**TASK PROMPT**
Word for word, copy the records and drop the pictures.

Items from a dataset
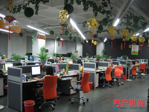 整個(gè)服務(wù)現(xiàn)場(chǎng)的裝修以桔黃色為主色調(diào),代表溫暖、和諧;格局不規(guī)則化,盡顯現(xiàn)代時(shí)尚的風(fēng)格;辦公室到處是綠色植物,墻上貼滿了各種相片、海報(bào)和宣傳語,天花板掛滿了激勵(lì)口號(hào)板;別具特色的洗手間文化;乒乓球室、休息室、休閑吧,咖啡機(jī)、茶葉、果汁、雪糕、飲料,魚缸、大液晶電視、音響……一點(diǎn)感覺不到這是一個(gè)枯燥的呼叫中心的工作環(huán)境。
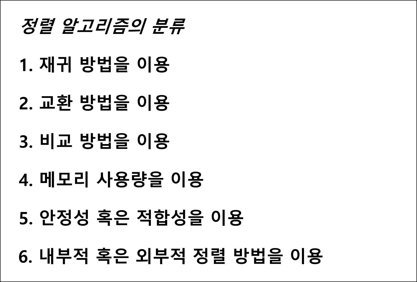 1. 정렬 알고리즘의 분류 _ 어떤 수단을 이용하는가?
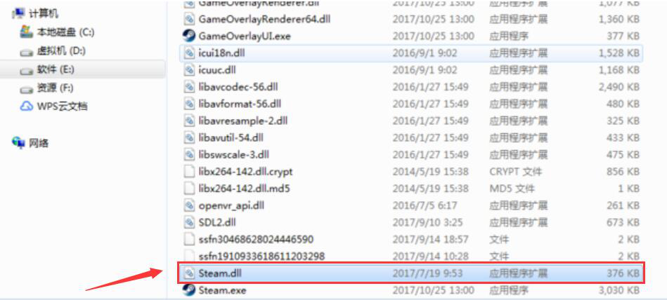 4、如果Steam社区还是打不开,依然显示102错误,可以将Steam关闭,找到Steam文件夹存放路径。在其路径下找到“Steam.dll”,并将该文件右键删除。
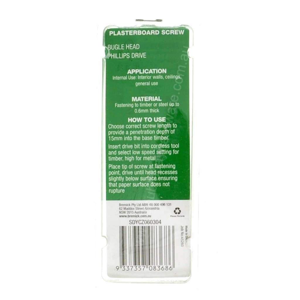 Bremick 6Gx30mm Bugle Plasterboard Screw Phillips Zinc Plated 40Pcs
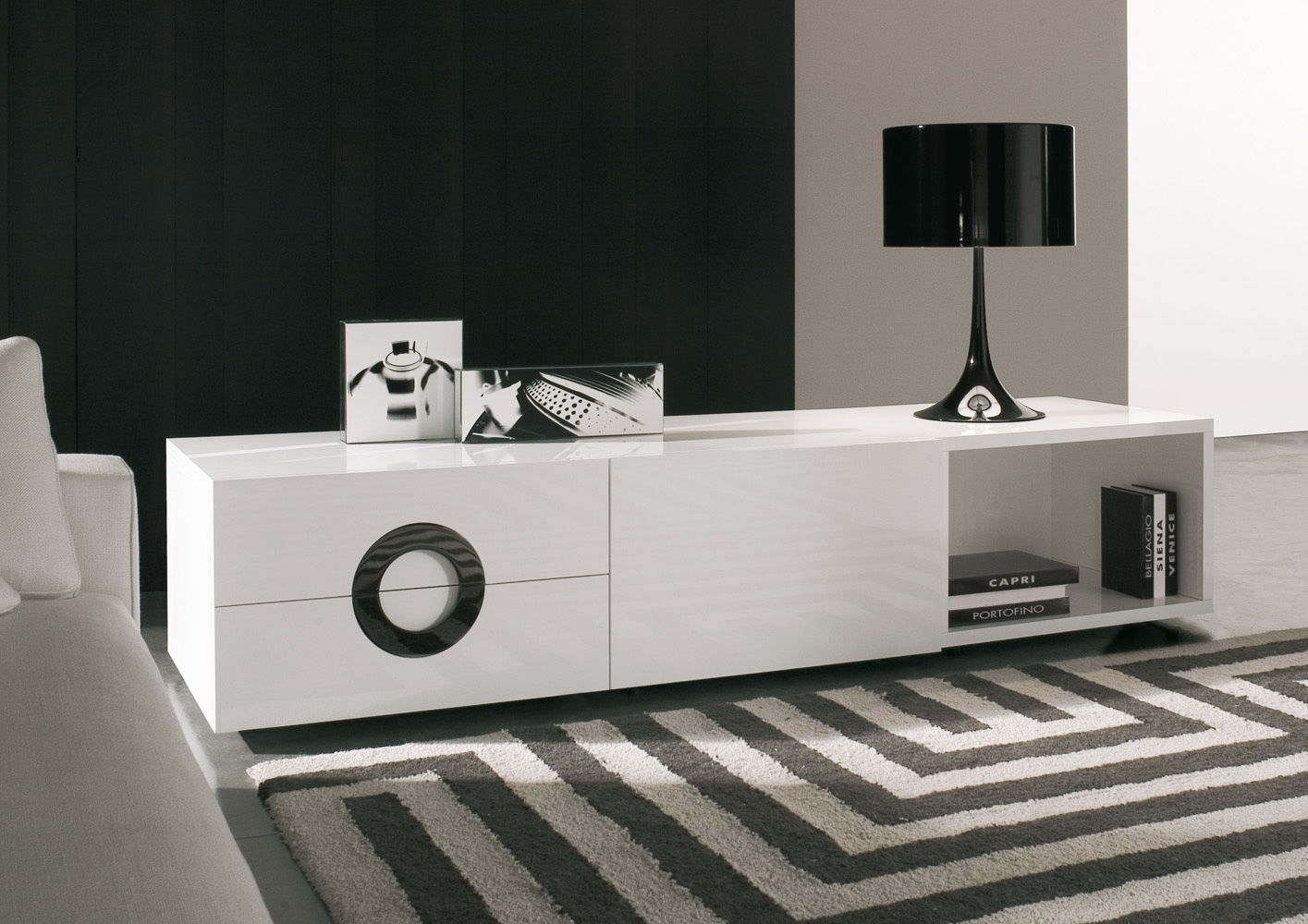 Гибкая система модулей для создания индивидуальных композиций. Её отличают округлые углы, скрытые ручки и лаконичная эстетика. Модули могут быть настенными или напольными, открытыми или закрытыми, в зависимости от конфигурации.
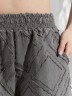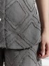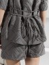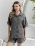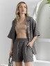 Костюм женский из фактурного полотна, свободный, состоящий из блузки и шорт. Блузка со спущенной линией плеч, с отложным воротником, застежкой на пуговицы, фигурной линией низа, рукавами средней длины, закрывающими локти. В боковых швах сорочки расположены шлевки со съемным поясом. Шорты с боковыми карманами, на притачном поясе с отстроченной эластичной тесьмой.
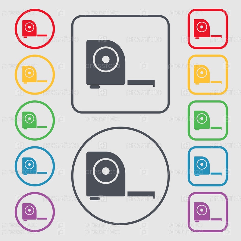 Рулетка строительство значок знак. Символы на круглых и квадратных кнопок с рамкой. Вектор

**WRITTEN REPLY**
 整個(gè)服務(wù)現(xiàn)場(chǎng)的裝修以桔黃色為主色調(diào),代表溫暖、和諧;格局不規(guī)則化,盡顯現(xiàn)代時(shí)尚的風(fēng)格;辦公室到處是綠色植物,墻上貼滿了各種相片、海報(bào)和宣傳語,天花板掛滿了激勵(lì)口號(hào)板;別具特色的洗手間文化;乒乓球室、休息室、休閑吧,咖啡機(jī)、茶葉、果汁、雪糕、飲料,魚缸、大液晶電視、音響……一點(diǎn)感覺不到這是一個(gè)枯燥的呼叫中心的工作環(huán)境。
 1. 정렬 알고리즘의 분류 _ 어떤 수단을 이용하는가?
 4、如果Steam社区还是打不开,依然显示102错误,可以将Steam关闭,找到Steam文件夹存放路径。在其路径下找到“Steam.dll”,并将该文件右键删除。
 Bremick 6Gx30mm Bugle Plasterboard Screw Phillips Zinc Plated 40Pcs
 Гибкая система модулей для создания индивидуальных композиций. Её отличают округлые углы, скрытые ручки и лаконичная эстетика. Модули могут быть настенными или напольными, открытыми или закрытыми, в зависимости от конфигурации.
 Костюм женский из фактурного полотна, свободный, состоящий из блузки и шорт. Блузка со спущенной линией плеч, с отложным воротником, застежкой на пуговицы, фигурной линией низа, рукавами средней длины, закрывающими локти. В боковых швах сорочки расположены шлевки со съемным поясом. Шорты с боковыми карманами, на притачном поясе с отстроченной эластичной тесьмой.
 Рулетка строительство значок знак. Символы на круглых и квадратных кнопок с рамкой. Вектор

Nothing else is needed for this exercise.